Aphorisms
Essays About

Morality

Cops and robbers would score the same on personality tests. Children who love guns and action, when they grow up, may act out their instincts on either side of the law. They may shoot people, or shoot people who shoot people. What we call brazenness in a criminal we call courage in a police officer.

Were I just arrived in the world and forming my picture of humanity, the Geneva Conventions would perplex me. If nations can ratify treaties for humane conduct in war, why, inhumanely, do they go to war? The Geneva Conventions prescribe that the wounded must be cared for. But they may be wounded? Soldiers are to be evil toward the healthy but charitable toward the injured. Try to kill people, but if you miss, nurse them. Can there be laws of war when war is the breakdown of law, the free-for-all nations resort to when they cannot agree? The human blend of civility and brutality is like a murderer who wipes his shoes on the mat before entering your house to kill you.

I reject condemnations of homosexuality in part because the condemners are always heterosexuals, who, like foremen of the good, command others to change without having to change themselves. The test of a moral assertion is where its burden falls. The morality of the saints makes life harder for oneself. The morality of social conservatives makes life harder for others.

My wife and I settle our arguments by deciding whom an adverse outcome would bother more. Better that one of us be slightly annoyed than the other be greatly annoyed. Rather than cajole each other or come to shouts, we weigh our would-be grievances. This leads to a policy of laissez-faire: if she wishes to attend a reunion and I do not, she goes alone, though she would rather I went with her and I would rather she stay home with me. Dragging me along would bring her less pleasure than me annoyance; vice versa if I stood in her way.

I apply this principle to the issue of gay rights. Discrimination hurts gays more than equality for gays hurts their opponents. At stake for gay people are their own lives; at stake for their opponents, merely others' lives. The effect on gays is material, direct, and daily; the effect on their opponents, abstract, remote, and occasional, concerning only the conformity of society to their moral beliefs. My neighbor, not me, gets to choose how to decorate his living room because he lives in it while I merely glimpse it through his window. Our rights extend only to the property line of our own life.

Traditional values are unjustly said to be under attack by the gay rights movement. An attack entails crossing the border into another's territory. Therefore no one can be an attacker who is merely defending his right to a share of the common happiness available to mortals.

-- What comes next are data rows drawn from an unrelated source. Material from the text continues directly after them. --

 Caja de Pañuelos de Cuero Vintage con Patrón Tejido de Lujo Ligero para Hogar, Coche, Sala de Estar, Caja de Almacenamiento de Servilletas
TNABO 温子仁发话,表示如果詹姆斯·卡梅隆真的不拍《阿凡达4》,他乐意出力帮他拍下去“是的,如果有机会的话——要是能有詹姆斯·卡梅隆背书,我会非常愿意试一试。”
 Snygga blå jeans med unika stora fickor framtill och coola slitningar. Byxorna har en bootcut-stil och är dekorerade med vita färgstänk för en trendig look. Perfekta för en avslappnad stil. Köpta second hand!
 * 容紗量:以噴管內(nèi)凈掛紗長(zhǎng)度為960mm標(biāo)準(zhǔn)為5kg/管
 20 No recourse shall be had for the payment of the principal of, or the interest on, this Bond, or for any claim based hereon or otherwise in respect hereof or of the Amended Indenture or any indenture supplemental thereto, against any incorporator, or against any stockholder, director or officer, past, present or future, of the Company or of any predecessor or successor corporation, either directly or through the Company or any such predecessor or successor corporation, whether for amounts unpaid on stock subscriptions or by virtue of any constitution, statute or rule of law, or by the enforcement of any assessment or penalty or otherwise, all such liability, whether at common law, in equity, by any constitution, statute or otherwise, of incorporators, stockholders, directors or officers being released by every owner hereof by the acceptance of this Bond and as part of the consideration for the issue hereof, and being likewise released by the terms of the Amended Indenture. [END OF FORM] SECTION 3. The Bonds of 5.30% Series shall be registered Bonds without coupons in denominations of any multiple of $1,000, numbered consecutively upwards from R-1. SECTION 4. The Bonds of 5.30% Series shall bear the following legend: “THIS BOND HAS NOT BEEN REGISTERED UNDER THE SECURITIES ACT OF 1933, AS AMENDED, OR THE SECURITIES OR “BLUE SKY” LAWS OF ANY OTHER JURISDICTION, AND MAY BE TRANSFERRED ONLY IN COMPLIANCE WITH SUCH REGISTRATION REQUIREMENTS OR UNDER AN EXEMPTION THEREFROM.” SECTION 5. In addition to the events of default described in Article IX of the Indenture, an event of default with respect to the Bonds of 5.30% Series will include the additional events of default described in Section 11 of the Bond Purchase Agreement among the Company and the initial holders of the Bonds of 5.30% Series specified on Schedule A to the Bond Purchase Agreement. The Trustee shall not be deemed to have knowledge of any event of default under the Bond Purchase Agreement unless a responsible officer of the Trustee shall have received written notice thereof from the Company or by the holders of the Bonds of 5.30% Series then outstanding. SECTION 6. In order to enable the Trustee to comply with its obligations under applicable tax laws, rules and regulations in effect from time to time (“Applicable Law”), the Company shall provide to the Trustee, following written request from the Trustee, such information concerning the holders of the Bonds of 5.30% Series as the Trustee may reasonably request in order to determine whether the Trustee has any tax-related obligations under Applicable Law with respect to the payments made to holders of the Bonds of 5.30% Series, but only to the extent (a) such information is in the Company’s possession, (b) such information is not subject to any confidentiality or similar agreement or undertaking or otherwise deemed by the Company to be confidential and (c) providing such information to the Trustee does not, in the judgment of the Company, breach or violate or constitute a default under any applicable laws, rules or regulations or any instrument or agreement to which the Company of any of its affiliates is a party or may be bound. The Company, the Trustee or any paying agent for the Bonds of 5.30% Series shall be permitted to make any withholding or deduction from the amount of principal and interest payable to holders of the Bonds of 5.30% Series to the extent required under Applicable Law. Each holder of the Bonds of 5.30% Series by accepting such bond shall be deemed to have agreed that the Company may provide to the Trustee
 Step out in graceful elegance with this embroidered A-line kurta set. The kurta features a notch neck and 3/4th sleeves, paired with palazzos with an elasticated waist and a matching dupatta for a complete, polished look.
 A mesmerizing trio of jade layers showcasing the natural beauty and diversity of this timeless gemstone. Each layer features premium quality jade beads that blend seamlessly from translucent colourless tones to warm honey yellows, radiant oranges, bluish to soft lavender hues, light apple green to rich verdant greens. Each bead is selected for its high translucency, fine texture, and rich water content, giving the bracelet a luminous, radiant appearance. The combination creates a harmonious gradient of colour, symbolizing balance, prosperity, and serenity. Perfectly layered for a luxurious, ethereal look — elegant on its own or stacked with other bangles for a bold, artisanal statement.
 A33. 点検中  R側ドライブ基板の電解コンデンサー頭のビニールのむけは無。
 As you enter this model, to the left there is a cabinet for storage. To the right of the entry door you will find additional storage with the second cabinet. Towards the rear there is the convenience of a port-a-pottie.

Gay rights is an issue of self-defense, which only looks like an attack because traditional values have so long forced a portion of humanity to suffer in silence.

Opposition to gay rights is commonly based on religion, which the United States Constitution forbids as the basis of law. That gays nevertheless lack equal rights under law is a reminder that, though laws govern nations, nations make and govern the laws. Therefore, if the ruling majority desires a society in which all are equal but whites can own blacks as slaves, or where church and state are separate but the state forbids gay marriage because the church says so, there is no external, independent, governing thing called Law to prevent such contradictions, nothing outside the lawmakers' own imperfect desire for moral consistency. The world is not governed by law but by power, expressed through law. Accordingly, the only way to change the world is to wield power, which in a democracy means the power to change minds.